Францен катит его вниз
к воде, и Боссе осторожно ложится на лед. Цепляясь за поверхность специальными
шипами, он осторожно ползет на животе к середине озерца. Францен страхует его
при помощи веревки, понемногу ее разматывая. За Боссе по льду волочатся три
стальных троса. Они вместе рассчитали максимальную нагрузку, и тросы должны
выдержать. Все рассчитано с приличным запасом. Францен никого не просил
поучаствовать в спасении вездехода, а сам никто помощь не предложил. Кругом ни
души, если не считать нескольких лиц в окнах.

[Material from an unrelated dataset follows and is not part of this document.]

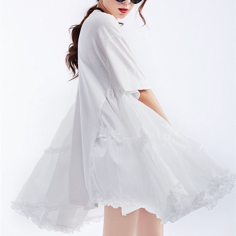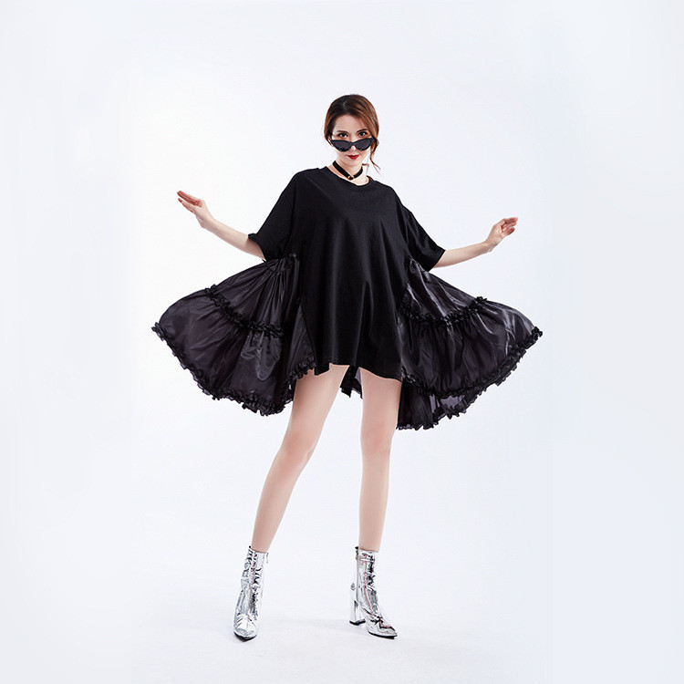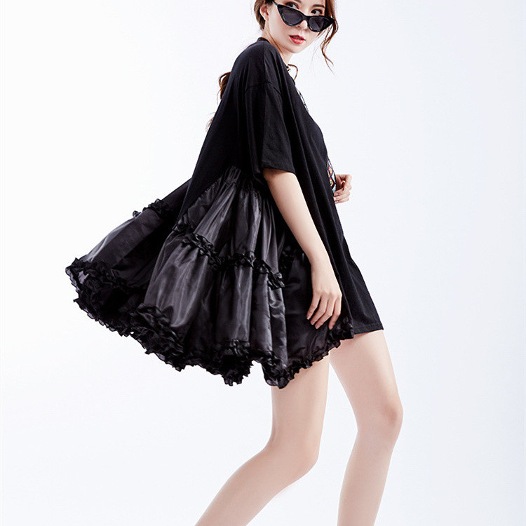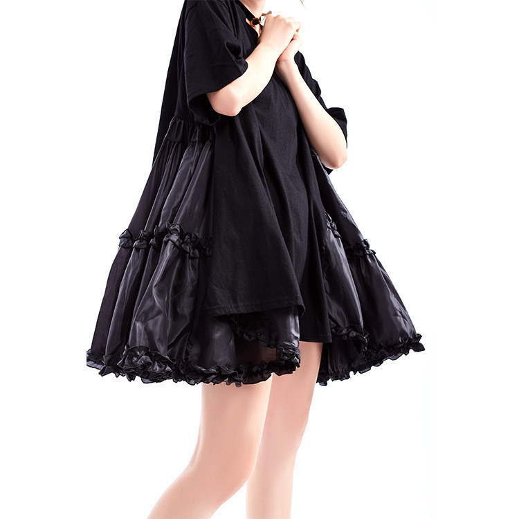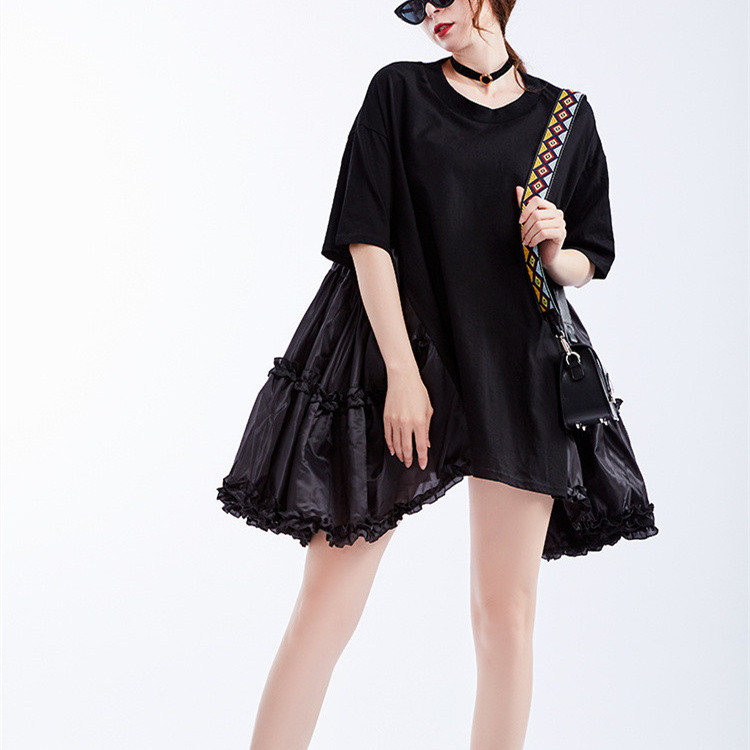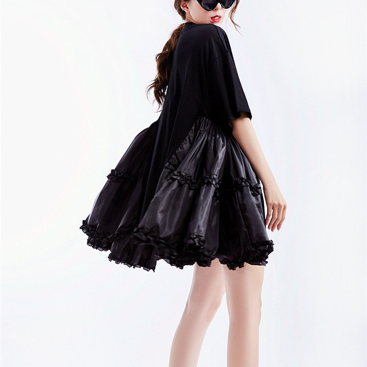 美しい花びらのようなフレアシルエットが魅力的な半袖ワンピース。

Наверное, надо было все-таки
позвать нескольких мужчин – контролировать ситуацию, думает он, но в эту
секунду веревка у Францена в руках дергается, и он успевает заметить, как
тонкий, еще неокрепший лед проломился, и механик исчез под водой. Францен
удерживает натянувшуюся веревку, щурит глаза, в которые метет снег, и зовет:
– Боссе! Боссе?
Тут из воды появляется
сперва голова шведа, а потом рука, которой он машет Францену, чтобы тот не
беспокоился.
Несколько минут у шведа
уходит на то, чтобы расширить полынью вокруг себя, скалывая лед шипами. Теперь
у него больше места, и он не так скован в движениях. Потом он плывет к
провалившемуся под лед вездеходу, огибает его по кругу, пытается, по всей
видимости, понять, что там в какую сторону повернуто. Затем погружается под
воду. Веревка опять несильно дергается в руках Францена. Погружение в озеро
дерьма, думает Францен, отпустив пару метров страховки, летом ароматец будет
будь здоров, и он снова натягивает веревку. Он долго стоит так и всматривается
в черную дыру. Стоять без движения холодно, ветер продувает куртку насквозь. Он
слишком легко оделся. Простуда обеспечена, думает он. Потом снова замечает
голову Боссе. Тот, не выказывая признаков беспокойства, дергает за веревку.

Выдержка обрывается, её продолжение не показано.